# 1999 Nissan Sentra GXE rear bumper?



## Juturna67 (Jul 12, 2011)

I was looking to buy a rear bumper for my 1999 Nissan Sentra GXE and I was looking at the parts and I see rear bumper cover and rear bumper reinforcement..What is the difference between the two and do I need both of them? And no my trunk isn't messed up I popped it to open it.

This is what the rear bumper looks like

http://img96.imageshack.us/img96/4572/photo1yhe.jpg


----------



## IanH (Feb 11, 2003)

the re-reinforcement is underthe bumper for collision protection. Take cover off and inspect it.


----------



## techtalk (Jun 8, 2011)

Juturna67,

I concur with the general consensus here- have a skilled Nissan technician thoroughly scrutinize the energy absorber to determine whether or not replacement is warranted. Generally speaking, it's a good idea to replace the bumper cover as well the energy absorber whenever your vehicle is involved in a fender bender involving speeds of over 25mph. Even if the accident didn't "feel" that intense there could be damage to your energy absorber that isn't overtly visible upon inspection.

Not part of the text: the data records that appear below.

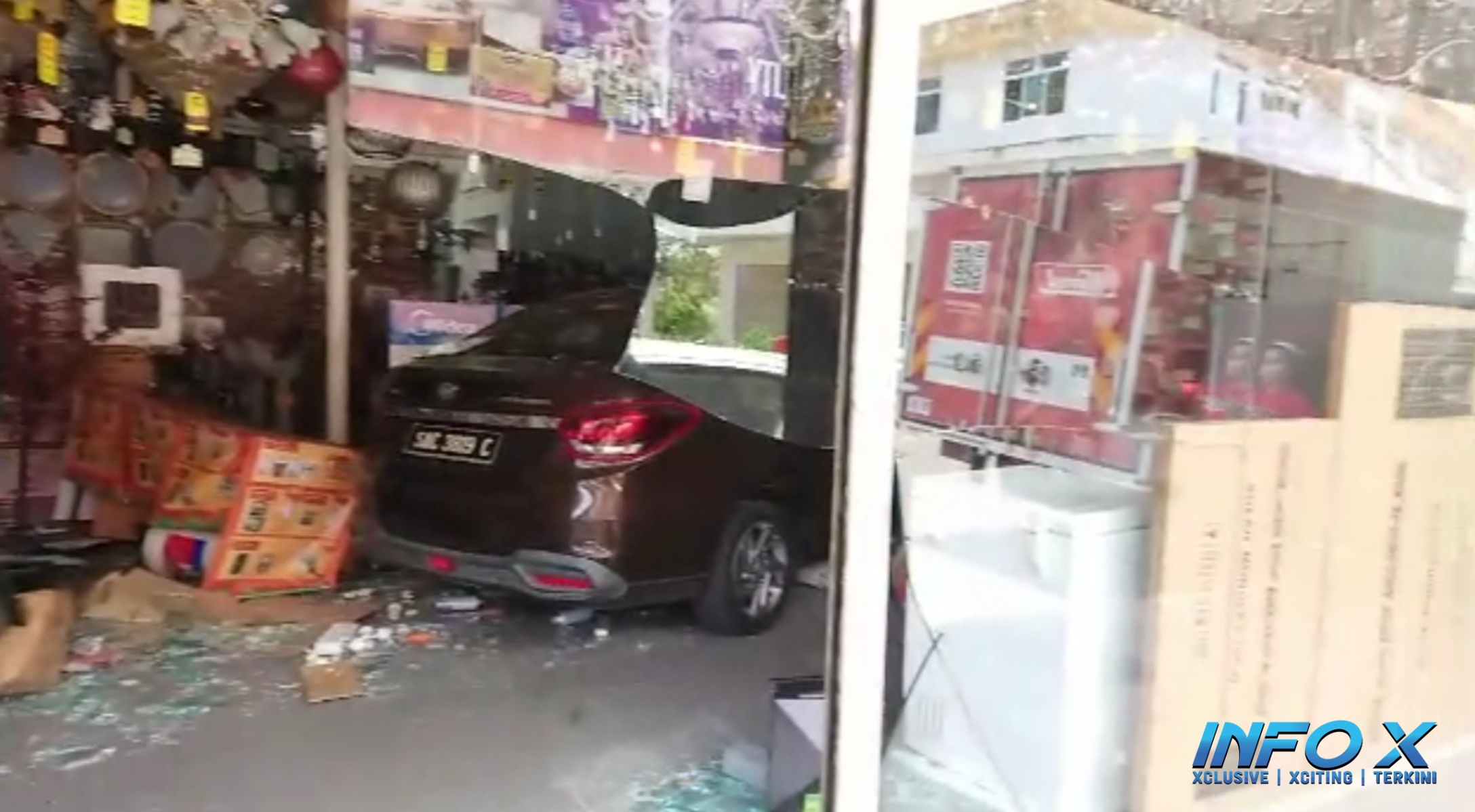Kereta ‘masuk’ kedai, dua pekerja hampir dirempuh
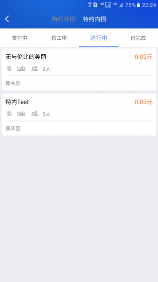喂喂打工快結(jié)招工、特約內(nèi)招、特約外招的多入口招工方式,依托實名制監(jiān)管系統(tǒng)、反垃圾審核系統(tǒng)及人工審核系統(tǒng),實行先認(rèn)證方可發(fā)布。引入第三方支付機(jī)構(gòu)對用戶進(jìn)行實名考勤登記及監(jiān)管支付,真正做到招工找工信息真實可靠,工資完工即結(jié)算,解決勞務(wù)工資不可控的問題。【更新日志】
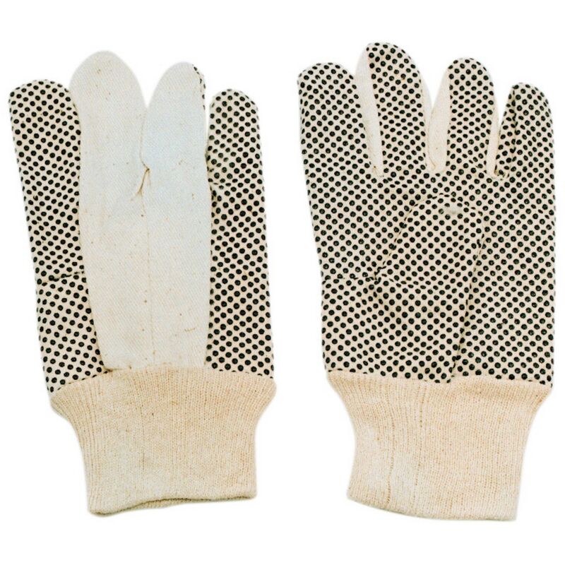 In Tessuto Di Cotone Beige. Palmo Puntinato In Pvc Nero, Polso In Maglia Di Cotone. Misure: Uomo
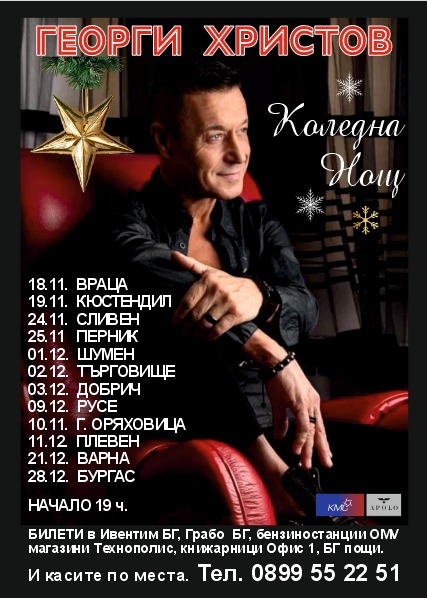 11 декември (четвъртък) – Коледен концерт на великия глас на България – Георги Христов. Той е ненадминат творец – композитор, актьор и изключителен певец, чийто мощен и кристален тенор оставя дълбока следа във всяко изпълнение. Ще чуете както любимите вечни хитове, така и най-новите песни от албума му, излязъл през 2024-25 година. Начало – 19.00 часа.
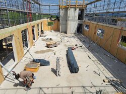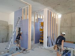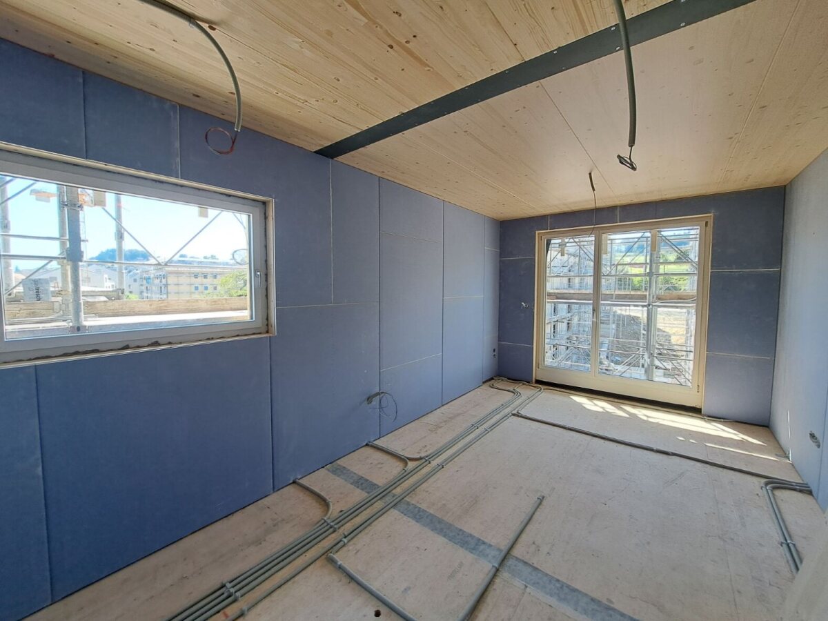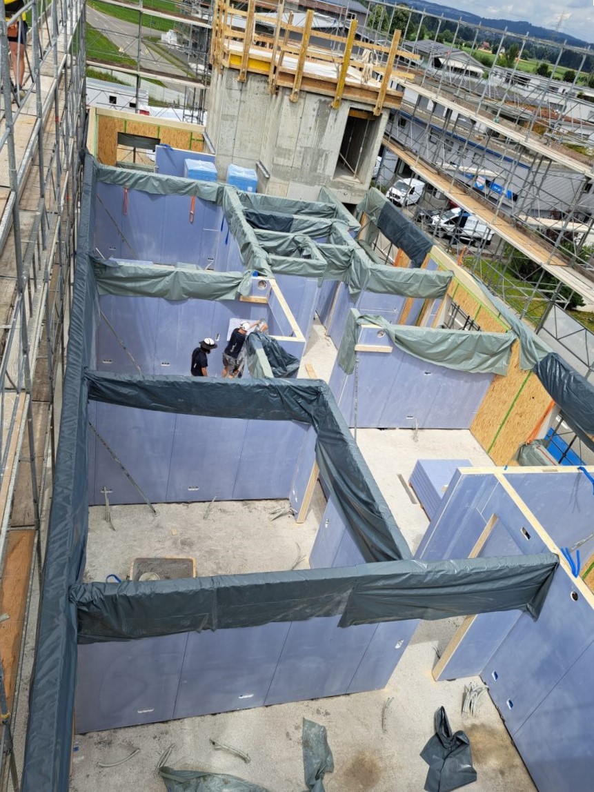 Die Arbeiten auf der Baustelle in Mühlau kommen gut voran. In den vergangenen Tagen konnten wir bedeutende Fortschritte erzielen: Die Ständerwände wurden gestellt und bereits beplankt. Zudem erfolgte die fachgerechte Montage des Windpapiers. Auch der Installationsrost wurde eingebaut. Insgesamt liegen wir sehr gut im Zeitplan und sind mit dem bisherigen Verlauf der Arbeiten sehr zufrieden.
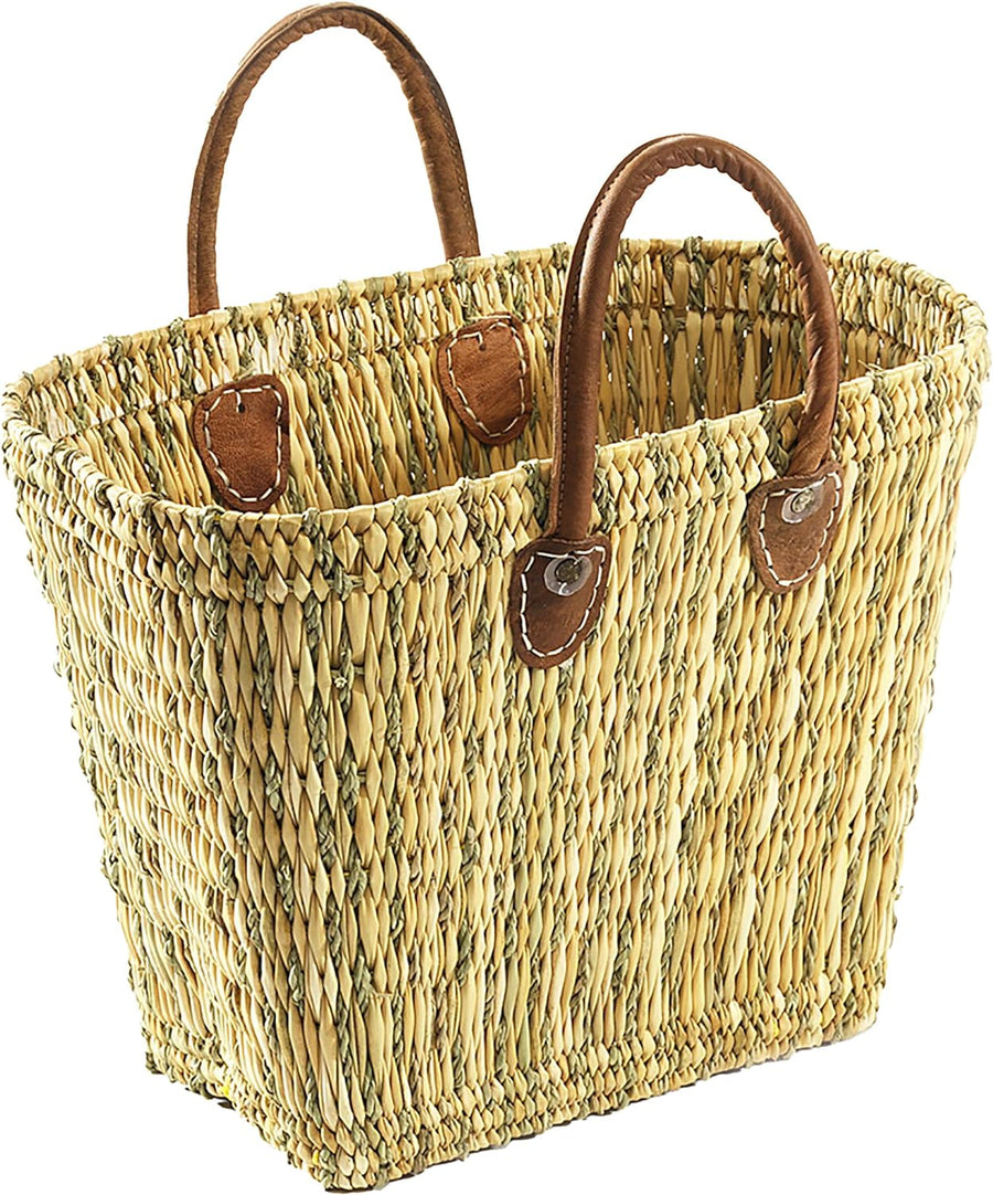 Kobolo Korbtasche Einkaufstasche Flechttasche Strandtasche Seegrastasche natur Ledergriffe

You may even consider removing the rear bumper yourself. There are a few bolts and screws that hold it onto the car (refer to this Sentra rear bumper diagram to determine all related components) but removal doesn't appear that complex.


Good luck!


----------



## ducksizzle97 (Jul 13, 2011)

If nothing is bent and there is no visual damage to the absober just replace the bumper cover and go on and i would assume being the same chassis and body the bumper cover would fit fine if all the mounting holes are the same it should just be a simple remove and replace but if not it may take some light modificaion but nothing to serious


----------